*** STORED DATA ***

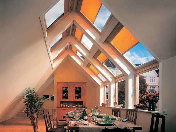 Сложную систему окон в мансардной кровле можно украсить и сделать функциональнее, дополнив ее рулонными шторами
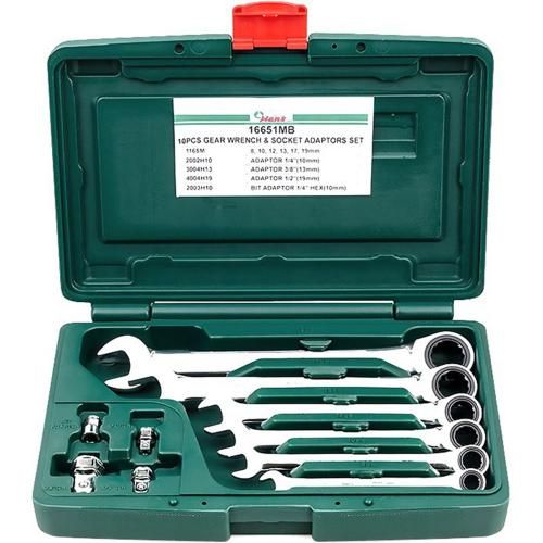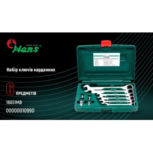 Набор ключей трещоточных с переходниками 8-19 мм, 6 пр., пласт кейс (16651MB) HANS
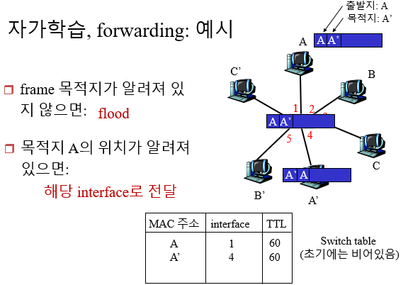 Q : Switch는 어떻게 interface4를 통해 A'에 접속 가능하고, interface5를 통해 B'에 접속 가능한 것을 아는가?
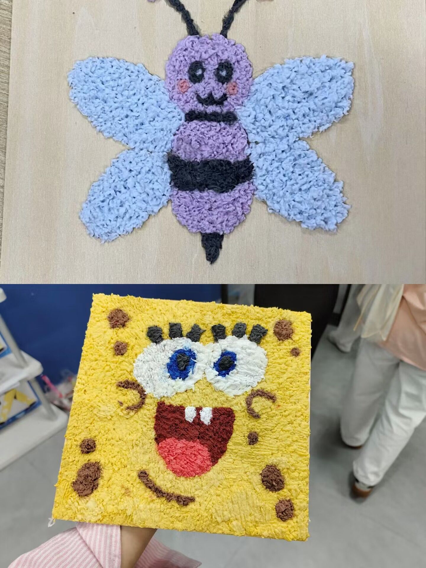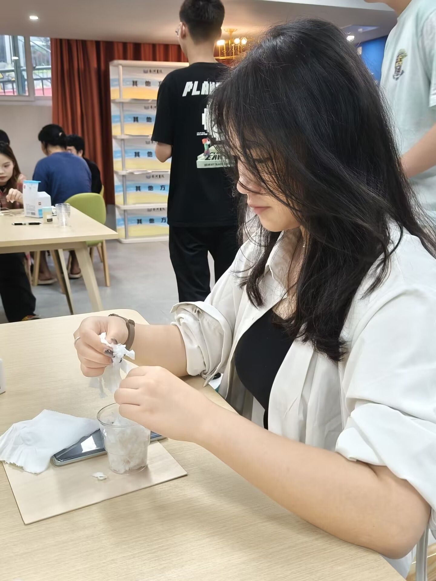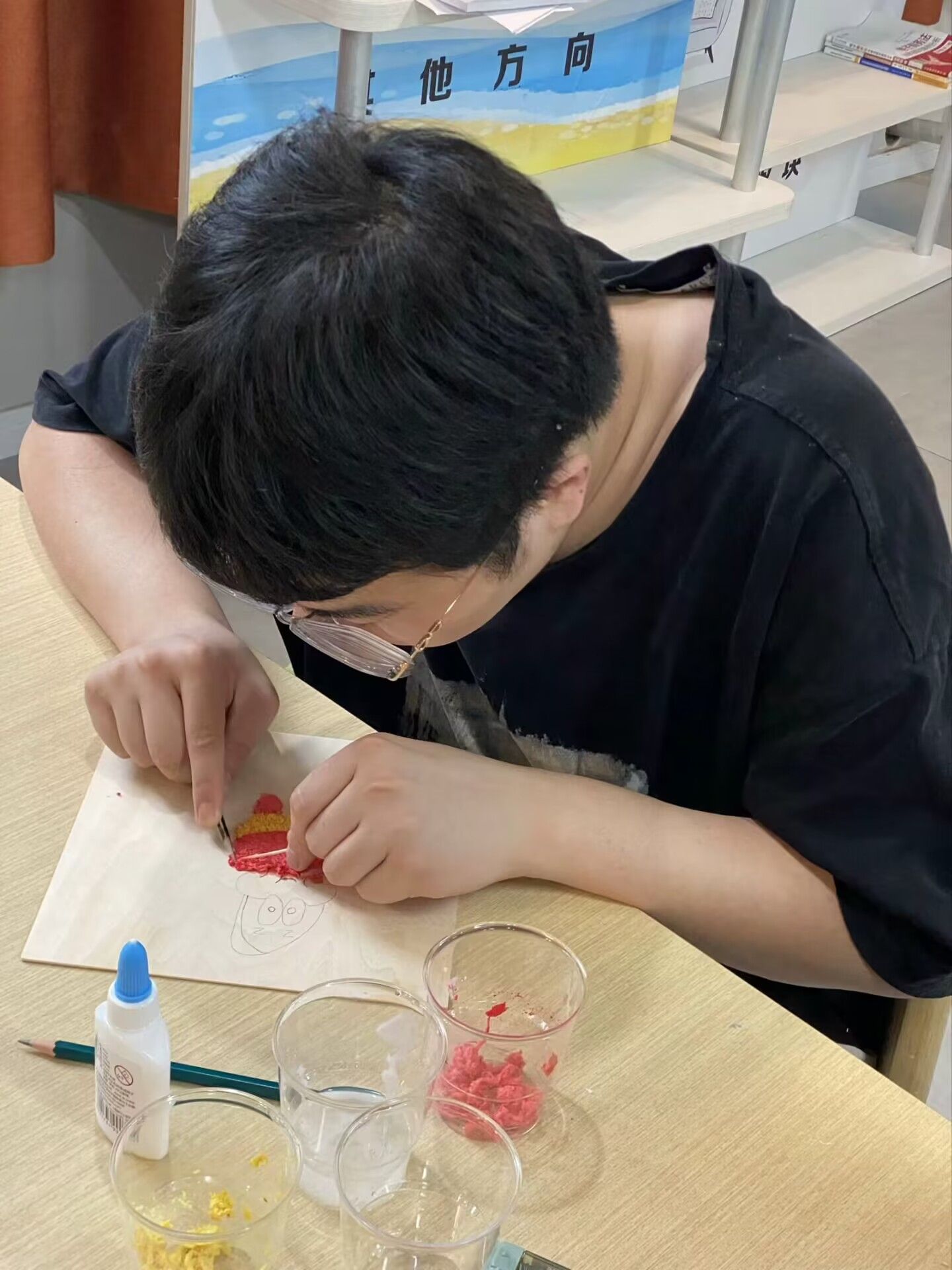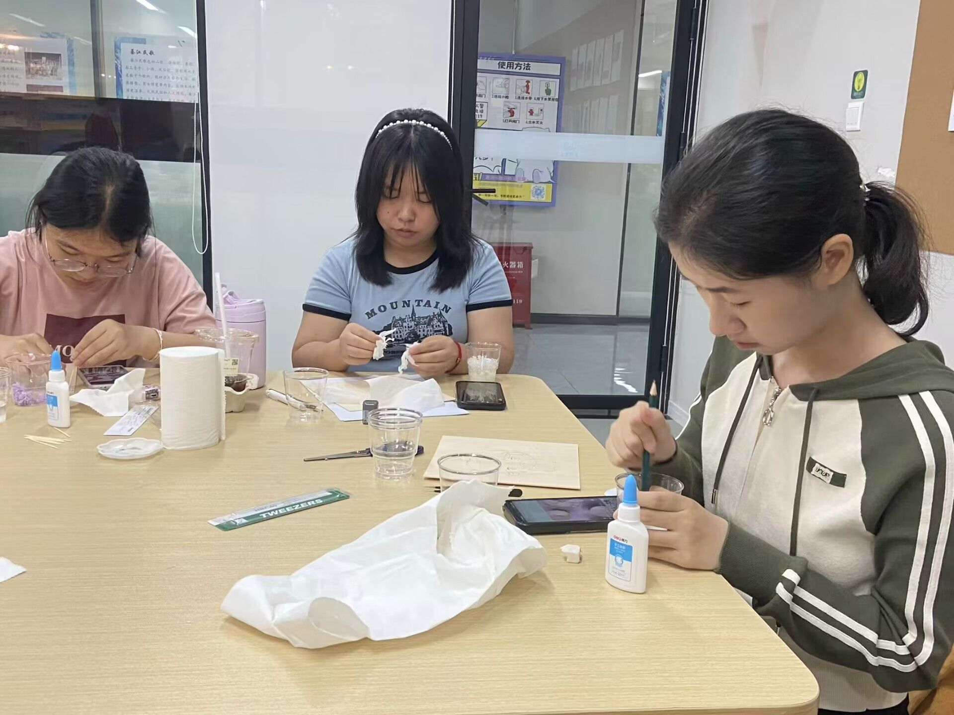 在活动现场的一角,一位工作人员正耐心地指导着一位同学。她轻轻拿起镊子,示范着如何勾勒线条,同时讲解着纸浆画的技巧与注意事项。同学认真地听着,不时点头表示理解。在工作人员的悉心指导下,同学的作品逐渐成形,展现出独特的魅力。

*** End of STORED DATA ***

▶ _INSTRUCTIONS FOR THE TASK_: Having located the line with "Набор ключей трещоточных", transcribe exactly and only the lines from it to the final line of the material, skipping the pictures.

▶ _WRITTEN RESPONSE_:
 Набор ключей трещоточных с переходниками 8-19 мм, 6 пр., пласт кейс (16651MB) HANS
 Q : Switch는 어떻게 interface4를 통해 A'에 접속 가능하고, interface5를 통해 B'에 접속 가능한 것을 아는가?
 在活动现场的一角,一位工作人员正耐心地指导着一位同学。她轻轻拿起镊子,示范着如何勾勒线条,同时讲解着纸浆画的技巧与注意事项。同学认真地听着,不时点头表示理解。在工作人员的悉心指导下,同学的作品逐渐成形,展现出独特的魅力。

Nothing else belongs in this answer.